Евергетин или Свод богоглаголивых речений и учений Богоносных и Святых Отцов - Павел Евергетин
Шрифт:
Интервал:
Закладка:
— Не проси дружбы свыше сил и не перечь Богу.
А я висел в воздухе и не мог открыть рта. Но тут услышал голос:
— Августа идет.
Увидев Ее, я приободрился. Я пал ниц перед Ней и сказал с дрожью в голосе:
— Помилуй меня, Владычице мира.
— А теперь что ты хочешь? — спросила она.
— Я вишу в воздухе, отвечая за дружбу с Евлогием.

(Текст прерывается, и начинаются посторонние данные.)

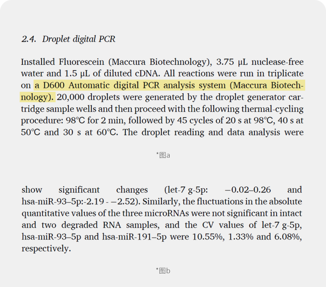 同时,研究者利用qPCR和迈克生物D 600全自动数字PCR分析系统(图a)检测了完整和严重降解RNA样本中三种miRNA(hsa-let-7g-5p、hsa-miR-93-5p和hsa-miR-191-5p)的表达水平。结果显示,与完整的RNA样本相比,严重降解的样本中三种miRNA的表达水平没有明显变化(图b),因此分析具有稳定区域或微小的RNA生物标志物对于降解程度较高的样本(例如体液斑等)是可靠的研究方式。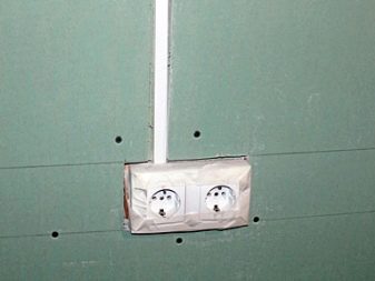 След края на полагането на проводниците започва закрепването на гипсокартона. При което е необходимо да се вземе предвид местоположението на положените кабели, за да не се повреди проводника с самонарезни винтове. След като приключите с монтажа на гипсокартон на местата, където са инсталирани превключвателите и контактите, трябва да пробиете отвори с подходящ диаметър и да инсталирате кутиите за контакти, като оставите кабелите навън за по -нататъшни връзки.

— Я буду просить за тебя, — пообещала Она. Вижу — Она подошла и облобызала стопы Отрока, Который сказал мне:
— Больше не делай этого.
— Не буду, Господи, я просил об этом для того, чтобы он стал угодным Тебе, а не неугодным, — ответил я и добавил. — Согрешил, Владыко, прости меня.
Отрок велел меня отпустить и сказал:
— Возвращайся в свою келью. А каким образом я верну Евлогия в прежнее состояние, не пытайся узнать.
Я проснулся в великой радости, свободный от обязанностей дружбы и отправился в путь, благодаря Бога.
Через три месяца я услышал, что император Иустин скончался, и к власти пришел Иустиниан. Через некоторое время против него восстали Ипатий, Дексократ, Помпий и епарх Евлогий. Первые трое были обезглавлены, и все их имущество разграблено. Евлогию удалось ночью бежать из Константинополя. Иустиниан приказал казнить его, где бы его ни обнаружили. А беглец вернулся в свое имение, переодевшись простым селянином.
Окрестные жители пришли, чтобы посмотреть на него и сказали ему:
— Хорошо, что ты к нам зашел. Мы слышали, что ты стал патрицием.
— Разве? — переспросил он. — Если бы я стал патрицием, то неужели бы вернулся к вам? Нет, это был другой Евлогий из Египта. А я ходил по Святым местам.
Он образумился и сказал сам себе:
— Смиренный Евлогий, вставай, бери кирку и иди работай. Здесь нет дворцов. И хорошо, что ты не лишился головы. И взяв инструменты каменотеса, поднялся на гору, где нашел деньги, надеясь, что там, может быть, остались хоть сколько — нибудь. Он долбил скалу до шести вечера, но ничего не нашел и принялся вспоминать пышные процессии, лесть, роскошь и пиры. А потом стал твердить себе: «Вставай, смиренный Евлогий и трудись. Ты здесь египетский крестьянин».
Через некоторое время святой Отрок и Владычица наша Богородица вернули ему прежнее духовное состояние. Ибо Бог праведен и не забывает о прежних трудах человека.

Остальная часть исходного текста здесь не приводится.